According to the requirements of nuclear safety regulations and related standards, some mandatory software V&V activities through life cycle phases are defined for the different safety-graded software explicitly [1,2,3,4]. For safety-critical software, the required scope, intensity and degree of rigor associated with the V&V activities and tasks are the highest among all graded I&C systems. It should be mentioned that traceability analysis is the most basic one for safety-critical software and I&C systems and affects the quality of other V&V activities directly. Traceability analysis is also required by EUR [5]. It is used to confirm implementation and validation of requirements, where neither any extra function is allowed, nor is any necessary function missed.
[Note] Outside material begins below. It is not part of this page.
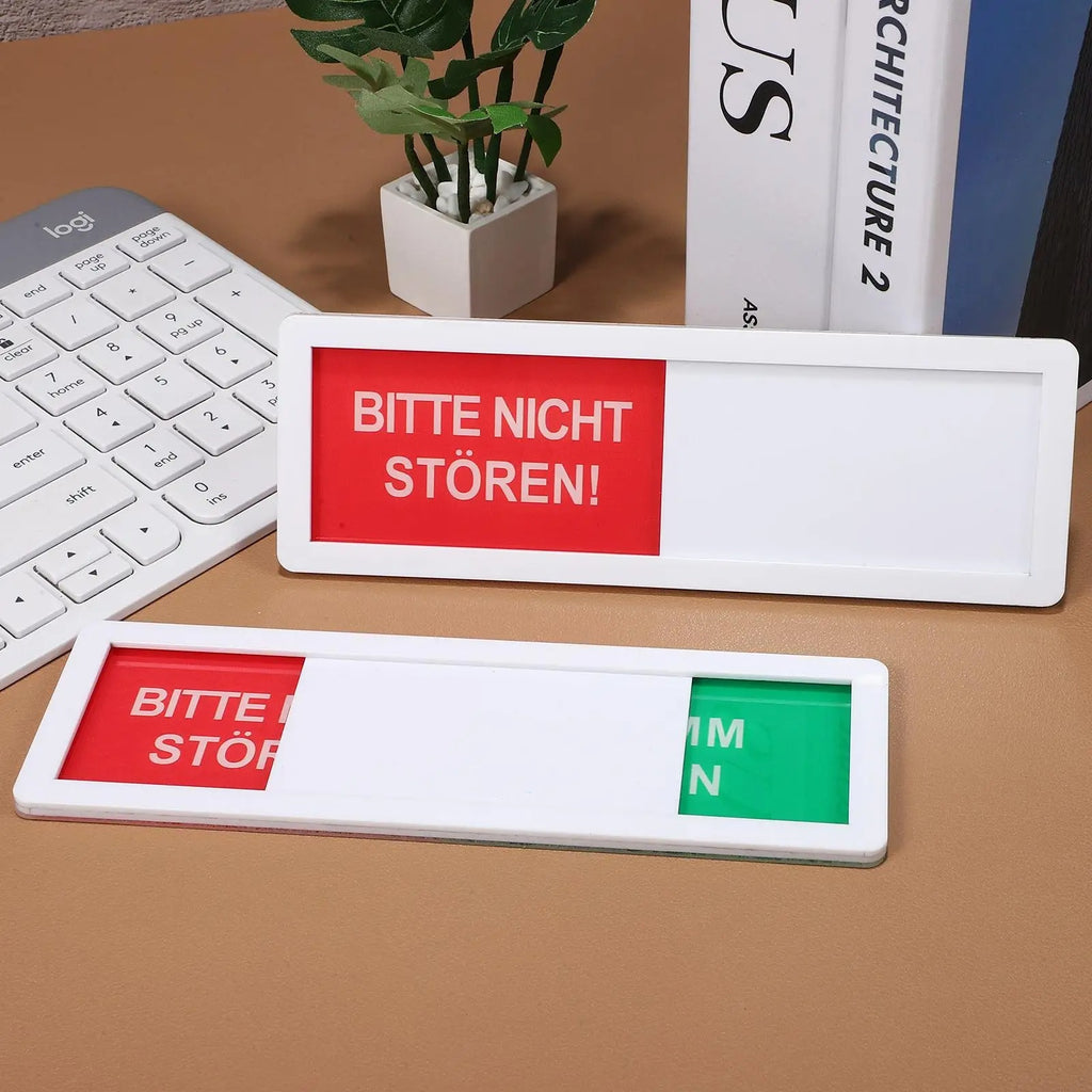 Ein Türschild mit einem Schieber und den Optionen "Bitte nicht stören" und "Komm rein" bietet eine praktische und stilvolle Möglichkeit, den aktuellen Status eines Raumes anzuzeigen. Mit einem einfachen Schiebeelement können Besucher sofort erkennen, ob sie eintreten dürfen oder ob Diskretion geboten ist.

The quality of traceability analysis depends on the granularity of itemized I&C function requirements. The finer granularity of itemized I&C function requirements is, the easier it is to find the potential software failure, and the higher quality the traceability analysis gets. However, it also means heavier burden of V&V activity. Therefore how to effectively itemize I&C functions is an important question.

In this paper, the V&V activities through software life cycle related nuclear safety regulations and standards are analyzed in Sect. 2. Necessity of implementing itemized requirements on I&C function during software development life cycle is studied according to the nuclear safety regulations and related standards in Sect. 3. What’s more, key points of itemized requirements are proposed by learning from some NPPs project experience in Sect. 4. Finally, Sect. 5 gives the conclusion.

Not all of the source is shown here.